Gangs de rue: Une formation pour les policiers
Montréal compte entre 300 et 500 membres reconnus de gangs de rue, selon le Service de police de la Ville de Montréal (SPVM). Afin de faire face à la problématique, les policiers montréalais doivent suivre une formation. Mais de l’aveu même du SPVM, cette formation ne peut éliminer tous les risques de bévues.
Au cours de l’enquête publique sur la mort de Fredy Villanueva, les agents Stéphanie Pilotte et Jean-Loup Lapointe ont eu de la difficulté à expliquer ce qu’est un membre de gang de rue. L’assistant-directeur et chef du Service des enquêtes spécialisées du SPVM, Jacques Robinette, ne s’en est pas inquiété.
«On n’a pas la prétention de former 4 500 experts en gangs de rue, a-t-il indiqué mardi, en marge de la présentation du Bilan 2009 du SPVM en matière de lutte aux gangs de rue. D’ailleurs, même les experts n’ont pas la prétention de connaître ce qu’est un gang de rue.

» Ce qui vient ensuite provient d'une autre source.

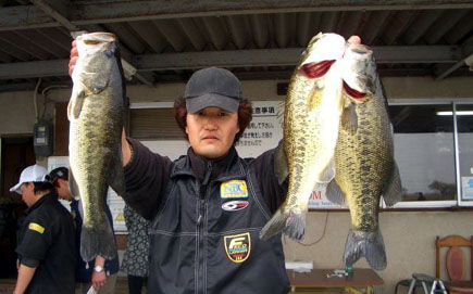そのような厳しい中、あくびをしているバスを発見!他の選手をブロックしながら狙い続けること約1時間、バスがシビレをきらし、イラついてエレキに向かって来た瞬間を見逃さず仕留め、約1,500gをキャッチ。次にその近くで、まるで鯉かと思うようなビッグなメスバスを見付けて追い回していると、イージーなオスに出会い、それを難なくキャッチして(約1,500g)リミット達成、時間は11時30分。

Notre rôle est plutôt de donner tous les outils nécessaires aux policiers pour leur permettre d’intervenir auprès des gangs de rue.»
Les policiers du SPVM ont réalisé 117 enquêtes liées aux gangs de rue au cours de l’année 2009. Ce travail leur a permis d’effectuer 1 150 arrestations, d’accuser 26 personnes de gangstérisme et de saisir 168 armes et plusieurs centaines de milliers de dollars.
Groupes en mouvance
Le phénomène des gangs de rue connaîtrait certains changements dans la métropole. Bien que Montréal compte toujours deux principaux gangs de rue, les bleus (Crips) et les rouges (Bloods), il semble que l’appartenance à une couleur soit de moins en moins importante pour les membres. «La couleur du groupe est beaucoup moins importante que le profit qu’on peut y faire, a expliqué Jacques Robinette. On voit même des associations entre les membres des deux principaux groupes.»
Le phénomène des membres émergents a évolué au fil des ans et est devenu difficile à évaluer pour les policiers. «Les membres émergents sont très volatiles», a soutenu M. Robinette.